FCN2 (ficolin-2), a member of the fibrinogen-related protein family, is a soluble pattern recognition molecule central to innate immunity. Produced primarily in the liver and secreted into the bloodstream, it acts as a key component of the lectin complement pathway. FCN2 binds to pathogen-associated molecular patterns (PAMPs) on microbial surfaces, such as acetylated sugars (e.g., GlcNAc) or lipoteichoic acid, through its fibrinogen-like domain. This binding triggers complement activation via associated serine proteases (MASPs), leading to pathogen opsonization, inflammation, and targeted cell lysis.
Recombinant FCN2 proteins are engineered to study its structural and functional properties. They are typically expressed in mammalian cell systems (e.g., HEK293 or CHO cells) to ensure proper post-translational modifications, including glycosylation, which is critical for ligand binding and stability. Alternatively, bacterial systems may be used for truncated forms focused on specific domains. These recombinant variants enable detailed investigations into FCN2’s interactions with pathogens, host cells, and complement components.
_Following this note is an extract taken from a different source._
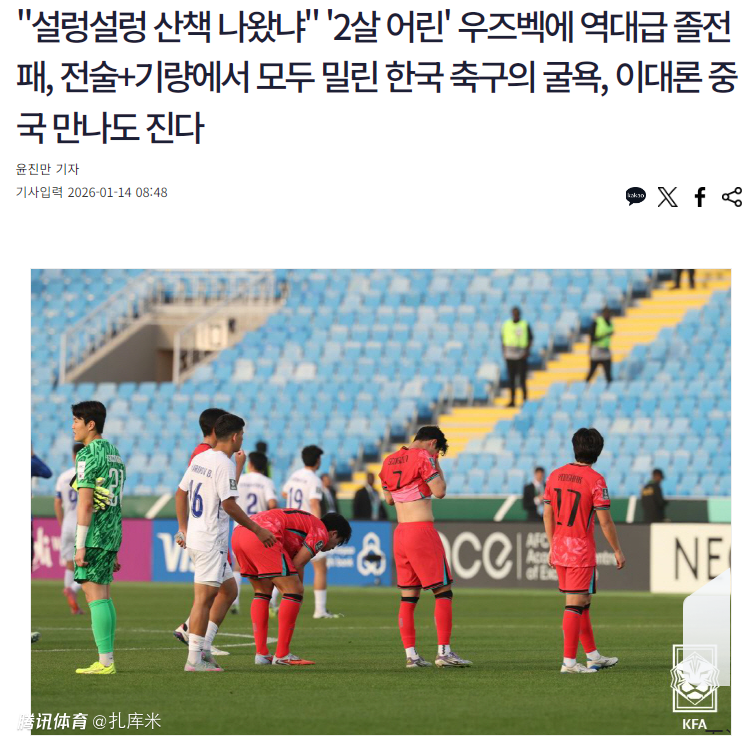 韩媒哀叹:以大打小耻辱性输给乌兹,若8强战遇中国队恐再被羞辱
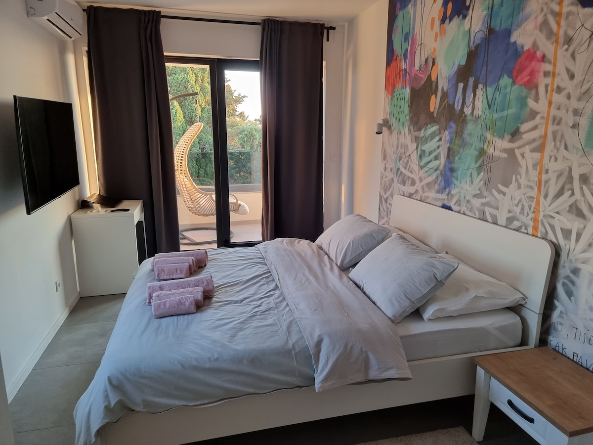 Наша квартира на первом этаже в пляжном гостевом доме Olive Grove Inn расположена в эксклюзивном пригороде Задара. В квартире есть просторная кухня с обеденной зоной, две спальни (одна с двуспальной кроватью и одна с двумя односпальными кроватями, вмещающая до четырех гостей) и собственная терраса в патио. Жилье окружено пышным средиземноморским садом, предлагающим спокойную и живописную обстановку. Удобное расположение всего в 15 минутах езды от центра Задара и всего в 20 метрах от пляжа.

Research highlights FCN2’s dual role in immunity: protective against bacterial/viral infections (e.g., *Streptococcus*, influenza) and implicated in autoimmune diseases (e.g., rheumatoid arthritis) due to aberrant complement activation. Polymorphisms in the *FCN2* gene correlate with disease susceptibility, driving interest in recombinant FCN2 for diagnostic or therapeutic applications. Recent studies explore its potential as a biomarker for sepsis or as a modulator of immune responses in transplantation. Challenges remain in optimizing recombinant production to mirror native protein functionality, particularly in multimer formation essential for pathogen recognition. Advances in protein engineering may unlock therapeutic strategies harnessing FCN2’s pathogen-targeting capabilities.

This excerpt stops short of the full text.